Le prix cinématographique de Rome 2019 décerné au réalisateur algérien Rachid Benhadj

Rachid Benhadj Matarès
Rachid Benhadj (à gauche). D. R.

La troisième édition du prix cinématographique de Rome, organisé par le Comité italien des réfugiés, a été décerné hier au metteur en scène algérien Rachid Benhadj, pour son dernier film, Matarès, dont une brève présentation a été projetée en l’occasion, devant une brochette d’invités de marque et dans le décor féerique du Club nautique de Rome.

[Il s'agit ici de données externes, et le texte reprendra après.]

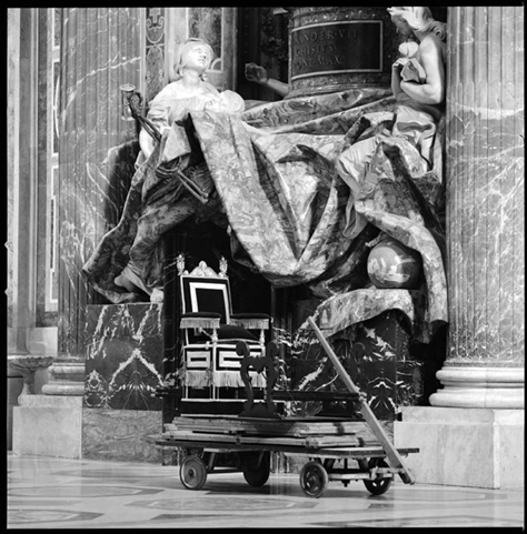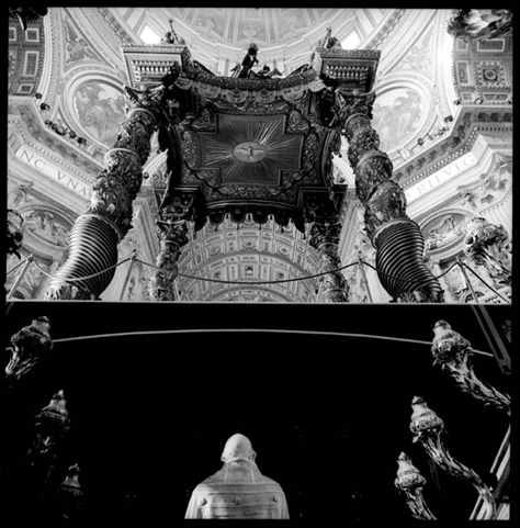 È la visione rivoluzionaria, femminile, di Antonia Mulas – fotografa, documentarista, artista – della Basilica di San Pietro a Roma. Da questi racconti in frammenti emerge come un senso di vuoto, una sorta di ambiguità soffusa. Una fragilità nervosa si impone al cuore della magniloquenza di gesti solenni e retorici. La gloria si fa inquieta.

Ce prix, Ambassadeur d’Humanité pour l’année 2019, récompense ainsi l’action de Rachid Benhadj qui, depuis des décennies, oriente son œuvre artistique dans le sens de ponts d’union et de proximité entre les peuples de Méditerranée et bien au-delà.

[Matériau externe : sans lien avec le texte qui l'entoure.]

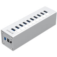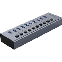 鋁合金10口USB3.0桌面集線(xiàn)器,12V獨(dú)立供電
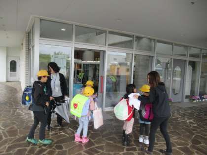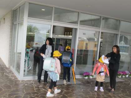 児童玄関前では・・・

Le film, qui fut longuement salué par un public de connaisseurs, raconte l’histoire touchante de Mona, une petite fille ivoirienne qui fuit son pays avec sa mère, pour rejoindre son père installé en Italie. Entre l’enfer de la Côte d’Ivoire et la terre promise, l’Italie, Mona doit passer par l’Algérie et y gagner l’argent nécessaire pour pouvoir payer le passeur qui lui permettra d’arriver à destination. Et elle le fait en vendant des fleurs à Matarès, une ville côtière algérienne, célèbre pour ses vestiges romains. Mona y fait la connaissance de Saïd, un petit garçon algérien, qui vend lui aussi des fleurs, pour venir en aide à ses parents démunis. La pureté de leur âme et l’insouciance de leur jeune âge en fait très vite des amis qui, jour après jours, apprennent à contourner les aléas de la vie et des risques du contexte cruel et cynique qui les entoure.

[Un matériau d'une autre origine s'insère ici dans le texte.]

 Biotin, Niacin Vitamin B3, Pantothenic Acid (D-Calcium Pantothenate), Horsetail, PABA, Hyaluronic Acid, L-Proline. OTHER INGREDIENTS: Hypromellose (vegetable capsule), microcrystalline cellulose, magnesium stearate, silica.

Un membre du jury, nous dit qu’il a été littéralement sous le charme de cette brève «carte postale», racontant un pays, si proche et si riche en histoire et en culture. «La description riche et détaillée faite par les deux jeunes protagonistes, le long du film, m’a donné envie de découvrir votre pays, de connaître son peuple et de participer à la réussite de cet élan de solidarité voulu par Rachid Benhadj, qui ne manquera pas de rapprocher un peu plus nos peuples et nos pays», nous a-t-il confié.

Quant au principal intéressé, il nous dit que «le voyage qu’il a entamé depuis ses débuts tourne autour de cette constante, rappelée par ce film, à savoir que malgré nos couleurs, nos religions et nos continents différents, le cinéma maintient intact son lot de rêves et d’illusions magiques et reste un très beau moyen de communication et d’entraide entre les mondes. C’est, du reste, le sens premier de ce film et de mon œuvre pour mon pays l’Algérie et je reste persuadé qu’avec le concours de tous et grâce à ce genre de films, à commencer par les opérateurs nationaux et italiens, nous pourrons créer un marché cinématographique dynamique dans la distribution et dans la production, qui sache mettre en valeur l’aspect enrichissant du contact entre nos peuples et l’apport de cette interpénétration culturelle à notre civilisation commune».

Complimenti Rachid!

M. R.

Commentaires

    Zombretto
    25 septembre 2019 - 16 h 34 min

    Je n’ai pas vu le film, mais j’admire le réalisateur pour au moins une chose, celle de l’originalité. Depuis plusieurs décennies, nous ne voyons presque rien d’autre que des films à l’emporte-pièce. Emporte-pièce hollywoodien de gangs, violence, sexe et personnages célèbres ou aspirant à la célébrité. Emporte-pièce français insipide imitant l’emporte-pièce de Hollywood ou bien celui analysant à mort la relation entre un homme et une femme, de quoi vous tuer d’ennui.
    N’ayant pas vu le film, je ne sais pas comment Rachid Benhadj a mené la tâche au bout, mais en tout cas la situation et les protagonistes sont originaux et intéressants.